Most people know what an espresso is – around 30ml (1 ounce) poured through ground coffee in around 30 seconds to produce a crema rich coffee that is has a little natural sweetness. This is also the base in most of the milk coffees – cafe latte, cappuccino, macchiato, and piccolo latte. But what, you may ask, is a Ristretto?

A Ristretto (ristricted in Italian) is the first part of the espresso shot. Usually around half the volume of a typical espresso, the Ristretto is richer, sweeter and has fewer of the harsh flavour compounds that come through in the later stage of the espresso pour.

Next time you’re at your favourite Espresso Bar, ask for a Double Ristretto – around the same volume as a standard espresso, but with twice the flavour! It also makes a more flavoursome base to cafe latte’s and cappuccinos.

5 Responses to “Ristretto versus Espresso”

  1. Good post. Personally, I prefer ristretto-like style, therefore my home espresso is always a little bit shorter than 25-30ml.
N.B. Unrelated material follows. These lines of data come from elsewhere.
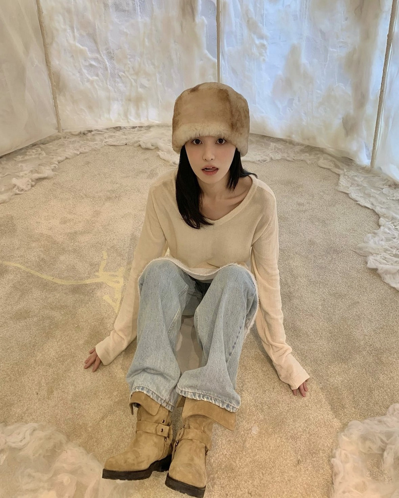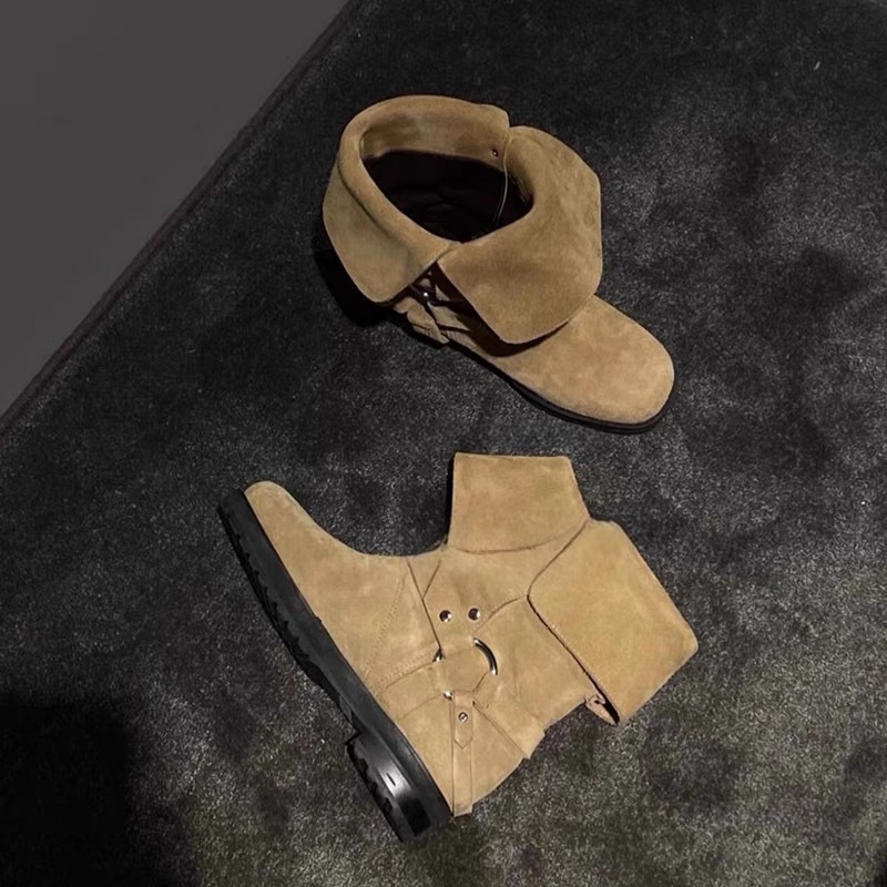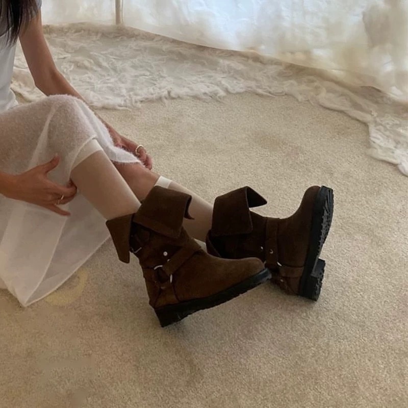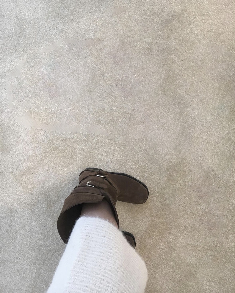 한국 스타일 틈새 옷깃 투웨어 벨트 버클 마틴 부츠 여자 가을 겨울 기모 두꺼운 힐 라운드 발가락 웨스턴 데님 쇼트 부츠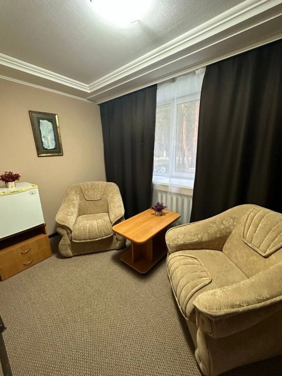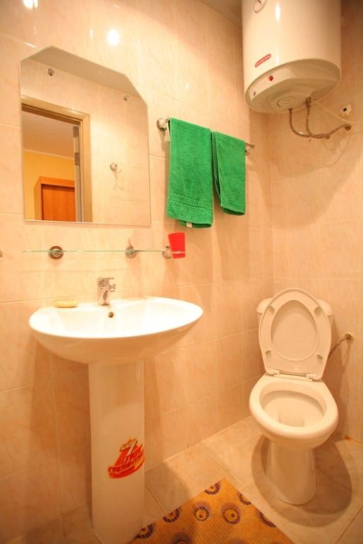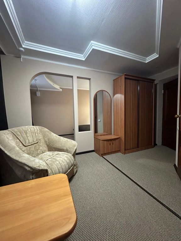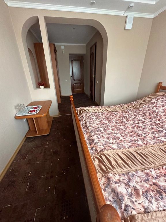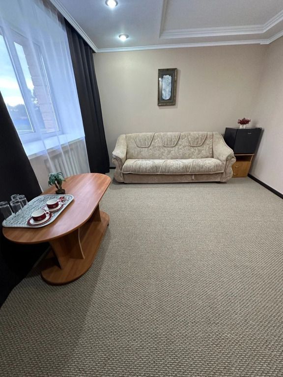 Две комнаты, двуспальная кровать, телевизор, холодильник, мягкая зона, душевая кабинка, туалет.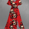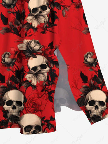 Gothic Plus Size Skull Floral Print Split Pocket A Line Midi Dress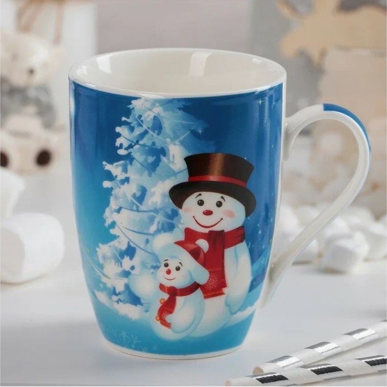 Кружка "Новый год" фарфор. 350мл "Снеговики. Сын и отец" 3324259 "Доляна" *12/48

  2. Ristrettos it is, very nice. All my espressos turn out ristretto style, much more enjoyable.

    Good posting on the Silvia and the temperatures. I own a Silvia 2009 and is currently working on the consistency in the shots. I will not install a pid (yet) but is trying to work with the temp surf as much as possible.

    Have you changed your OPV anything on your Silvia? I’ve read about measuring the flow from the OPV with a blind filter, but havent got that much more info on that. And running it with the blind filter in for 30 secs or so doesnt sound that great for the pump.

    Input appreciated.

  3. Thanks Charlie,
    I was looking for a simple version of definition for Restretto. and in fact, your description simply the best. Thank you so much

  4. Excellent post. Told me exactly what I wanted to know about both the expresso and ristretto. Now I’m going to have to give it a try.

  5. LondonVisitor Says:

    I prefer Ristretto over Espresso for its full flavour, less acidity and natural sweetness instead of bitterness. I like it both as Piccolo or Macchiato.